Australian Manufacturing Workers Union food and confectionary division Victorian secretary Bronwyn Halfpenny spoke to Green Left Weekly's Sue Bolton about the changes that jailed unionist Craig Johnston brought to the Victorian AMWU branch after he became AMWU metal division secretary in 1998 and then the union's state secretary in 2000.
According to Halfpenny, one of Johnston's achievements was the introduction of a hardship fund to help sustain members who are on strike. Johnston proposed for a hardship fund at national and state conferences since the mid-1990s, but it was only when he became state secretary in 2000 that the fund was established in the Victorian branch. It was then established nationally.
Halfpenny explained the importance of the fund: "If people were locked out or on strike, for the first time ever, they could get a regular income. While it wasn't a lot, it was money that members were guaranteed while they weren't getting any wages."
Food and confectionary members benefited from the hardship fund during a dispute with Nestle at Echuca in 2001 when there was a lockout for around eight weeks. Halfpenny explained that disputes involving the food and confectionary division are a bit different to disputes in the metals sector, because "you're talking about the whole production site, where you can have more than 100 on strike ... You can have collections and support 10 people, but when it's 100 people, it's impossible to collect enough to provide a proper income."
The hardship fund "was part of the reason that people were able to hang out until they got a good agreement at Echuca. And from winning that dispute, workers are still benefiting because the company knows that those workers can do it again if the company tries to do the wrong thing."
Halfpenny contrasted this to a dispute with Simplot in Echuca in 1997 when the company sacked all the workers. "That was when there wasn't a hardship fund and before Craig was elected. There were some terrible stories of extreme financial hardship.
"Also, when people are in long drawn out disputes, if they don't get strong leadership support, they lose confidence. At Simplot, there was no leadership support [from AMWU state secretary John Corsetti]. While the workers won in the sense that they got their jobs back, there wasn't the feeling of achievement, of confidence from going back to work under good conditions."

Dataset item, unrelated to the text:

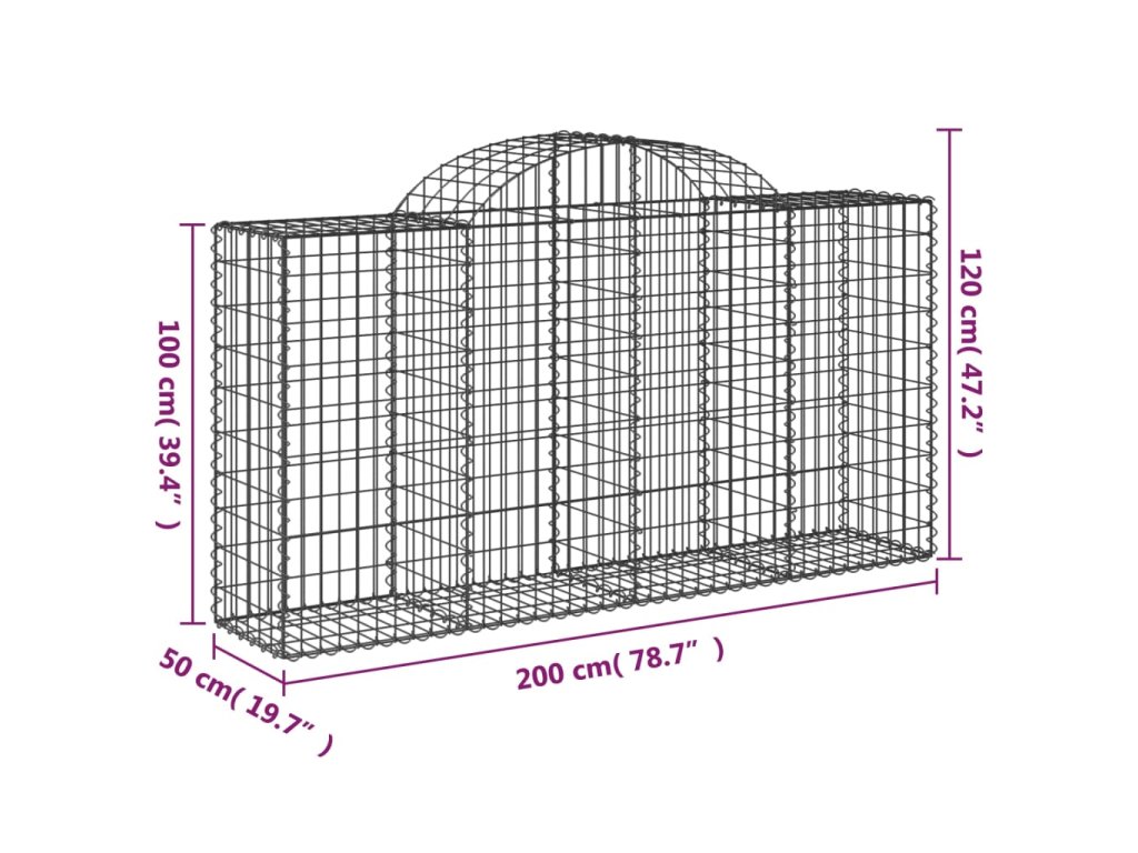 vidaXL Klenuté gabionové koše 25ks 200x50x100/120cm pozinkované železo

Halfpenny also compared the outcomes of two disputes with Heinz. More than 10 years ago, Heinz moved tomato processing out of its Dandenong plant and set up a new factory in Gigaree in northern Victoria. The union failed to get an agreement for the new plant, so no workers at the Gigaree plant were in the union and everyone was on an individual contract. They had a 38-hour work week instead of the 36-hour work week, the wages were terrible and they had no rights.

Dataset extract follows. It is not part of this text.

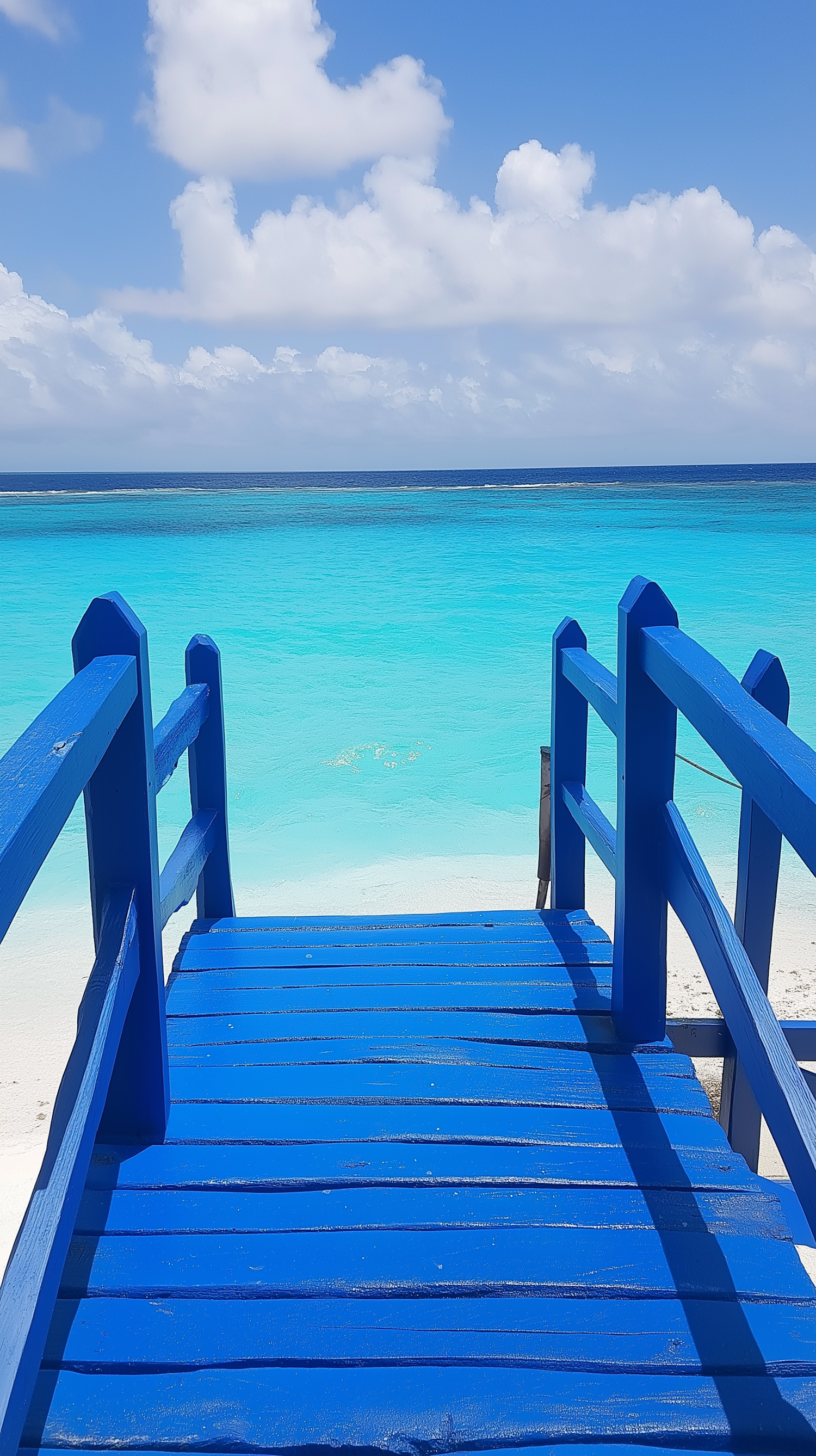 Vibrant blue walkway leading to a stunning turquoise ocean under a clear sky with fluffy clouds. Serene and inviting beach scene.

After Johnston's election, the Dandenong factory announced that it would set up a baby food plant at Echuca. Halfpenny said that "when we spoke to workers at Dandenong, because of what happened with the Gigaree plant, they had no confidence and a defeatist attitude."
The company wanted a 38-hour work week and lower wages for the Echuca plant. "But through Craig's leadership, the contractors at the Dandenong plant stopped work and put industrial pressure on the company. Craig also organised to put industrial pressure on the company in Echuca when they were building the new plant.

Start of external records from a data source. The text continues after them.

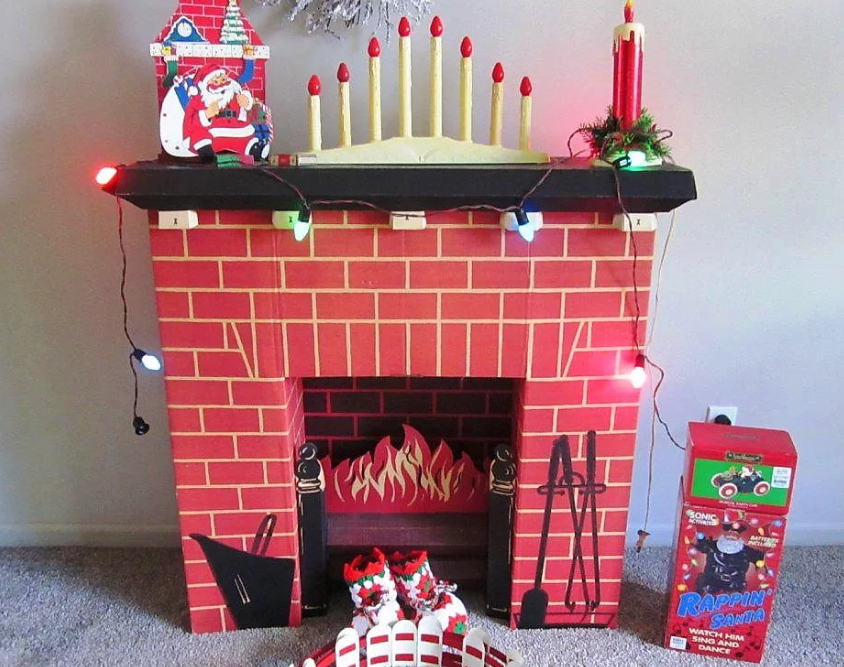 Теперь самое время заняться топкой, особенно если вы хотите, чтобы новогодний камин выглядел настоящим.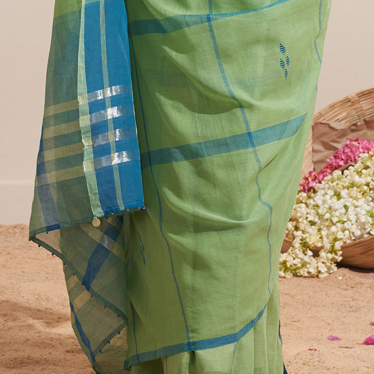 Ilamai is a gentle ode to youth — a serene green base brought to life with blue stripes and subtle geometric motifs. Simple yet striking, its design is elevated by the addition of wooden beads at the pallu, creating quiet drama with every drape.
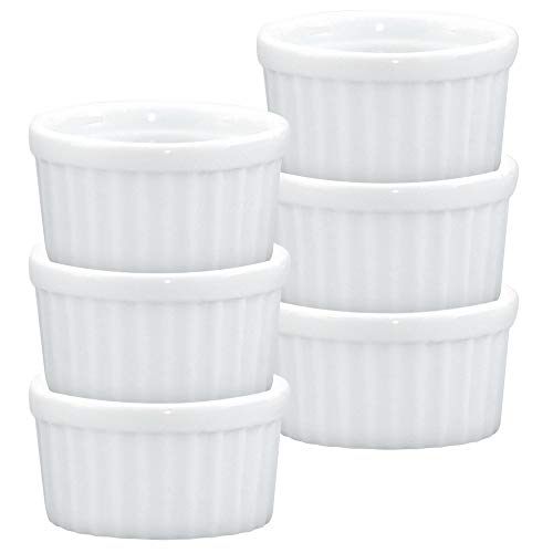 HIC Ramekins, Fine White Porcelain, 2.5-Inch, 2-Ounce Capacity, Set of 6

"As a result, we got an agreement that maintained the hours of work at 36, the wage rates, and other conditions that applied at Dandenong."
Halfpenny said that "prior to Craig's leadership, in workplaces where there were food production and maintenance people, we were operating as two different groups with no solidarity, no unity. There was animosity and hostility between maintenance and food production workers. At Nestle Packenham, we had a picket line many years ago when everyone got sacked and maintenance kept working. At Unilever, production workers were out for 18 weeks and maintenance kept working.
"When Craig was elected, he brought in solidarity between different groups of workers within a workplace and across workplaces. Through that solidarity and unity, so much more was achieved.
"At Lactos Fresh, the company sacked everybody. Then we found out that they were starting a new factory around the corner and needed machinery put in. Again through Craig, there were bans and that machinery wasn't put in. Our members were picketing the place. The maintenance [workers] and contractors respected the picket line. From that, everybody got their job back and maintained the 36-hour work week.
"The thing is, we need each other. In production, it's the morale of having everybody stopping work at the same time. Production [workers] see maintenance as stronger because they've got a trade. But also, maintenance needs a strong production section because in places where production hasn't been [covered by AMWU] food and confectionary, and maintenance is getting better conditions, the maintenance gets contracted out. If you've got a weak production membership and a strong maintenance membership, then the likelihood of the company trying to contract maintenance out is much greater.
"It was Craig who went back to the concept of industry-wide pattern bargaining. Craig was instrumental in having non-wage conditions like long service leave and income protection in agreements and then making them the standard because of pattern bargaining."
From Green Left Weekly, December 15, 2004.